▸ **What is being asked**
Without including any pictures, write out the data below exactly.
-- Input follows --
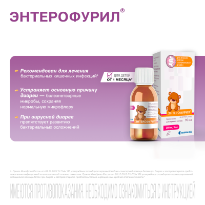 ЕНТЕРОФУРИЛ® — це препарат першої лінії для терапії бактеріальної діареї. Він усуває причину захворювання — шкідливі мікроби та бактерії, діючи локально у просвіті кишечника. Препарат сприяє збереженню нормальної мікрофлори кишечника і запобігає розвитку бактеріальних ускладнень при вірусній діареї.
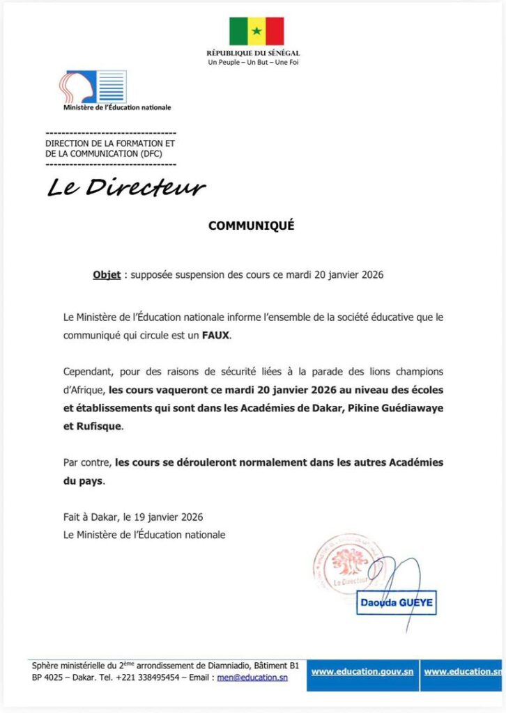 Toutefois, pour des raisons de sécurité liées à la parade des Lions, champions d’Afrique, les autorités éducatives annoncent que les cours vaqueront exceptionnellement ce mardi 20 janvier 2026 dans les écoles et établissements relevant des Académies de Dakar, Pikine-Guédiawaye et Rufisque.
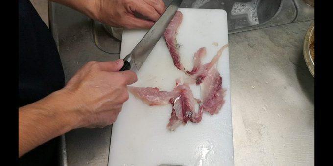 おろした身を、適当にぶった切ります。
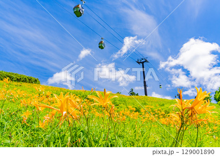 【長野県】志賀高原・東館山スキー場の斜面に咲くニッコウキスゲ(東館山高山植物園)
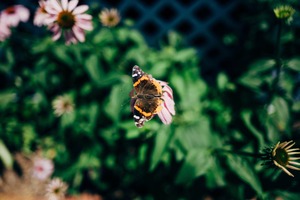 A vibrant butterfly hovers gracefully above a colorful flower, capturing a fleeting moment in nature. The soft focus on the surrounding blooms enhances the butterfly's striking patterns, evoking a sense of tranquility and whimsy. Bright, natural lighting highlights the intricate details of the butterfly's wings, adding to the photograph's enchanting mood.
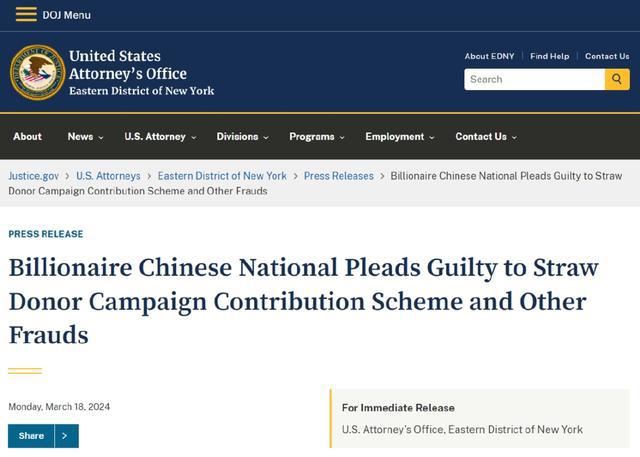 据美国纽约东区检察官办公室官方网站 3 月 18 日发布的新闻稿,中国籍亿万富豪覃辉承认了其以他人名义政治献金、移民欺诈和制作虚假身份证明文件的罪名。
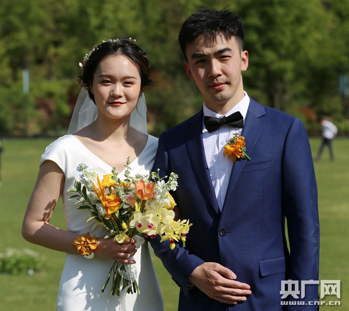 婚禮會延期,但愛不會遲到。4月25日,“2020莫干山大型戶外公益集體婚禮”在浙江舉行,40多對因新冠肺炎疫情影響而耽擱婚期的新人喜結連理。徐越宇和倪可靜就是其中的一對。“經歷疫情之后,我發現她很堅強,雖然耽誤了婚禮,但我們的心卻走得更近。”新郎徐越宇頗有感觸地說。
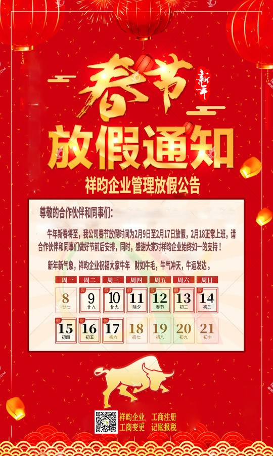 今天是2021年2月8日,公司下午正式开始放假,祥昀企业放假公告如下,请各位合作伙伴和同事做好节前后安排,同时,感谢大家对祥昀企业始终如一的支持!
-- Input concluded --
▸ **Answer to this task**
 ЕНТЕРОФУРИЛ® — це препарат першої лінії для терапії бактеріальної діареї. Він усуває причину захворювання — шкідливі мікроби та бактерії, діючи локально у просвіті кишечника. Препарат сприяє збереженню нормальної мікрофлори кишечника і запобігає розвитку бактеріальних ускладнень при вірусній діареї.
 Toutefois, pour des raisons de sécurité liées à la parade des Lions, champions d’Afrique, les autorités éducatives annoncent que les cours vaqueront exceptionnellement ce mardi 20 janvier 2026 dans les écoles et établissements relevant des Académies de Dakar, Pikine-Guédiawaye et Rufisque.
 おろした身を、適当にぶった切ります。
 【長野県】志賀高原・東館山スキー場の斜面に咲くニッコウキスゲ(東館山高山植物園)
 A vibrant butterfly hovers gracefully above a colorful flower, capturing a fleeting moment in nature. The soft focus on the surrounding blooms enhances the butterfly's striking patterns, evoking a sense of tranquility and whimsy. Bright, natural lighting highlights the intricate details of the butterfly's wings, adding to the photograph's enchanting mood.
 据美国纽约东区检察官办公室官方网站 3 月 18 日发布的新闻稿,中国籍亿万富豪覃辉承认了其以他人名义政治献金、移民欺诈和制作虚假身份证明文件的罪名。
 婚禮會延期,但愛不會遲到。4月25日,“2020莫干山大型戶外公益集體婚禮”在浙江舉行,40多對因新冠肺炎疫情影響而耽擱婚期的新人喜結連理。徐越宇和倪可靜就是其中的一對。“經歷疫情之后,我發現她很堅強,雖然耽誤了婚禮,但我們的心卻走得更近。”新郎徐越宇頗有感觸地說。
 今天是2021年2月8日,公司下午正式开始放假,祥昀企业放假公告如下,请各位合作伙伴和同事做好节前后安排,同时,感谢大家对祥昀企业始终如一的支持!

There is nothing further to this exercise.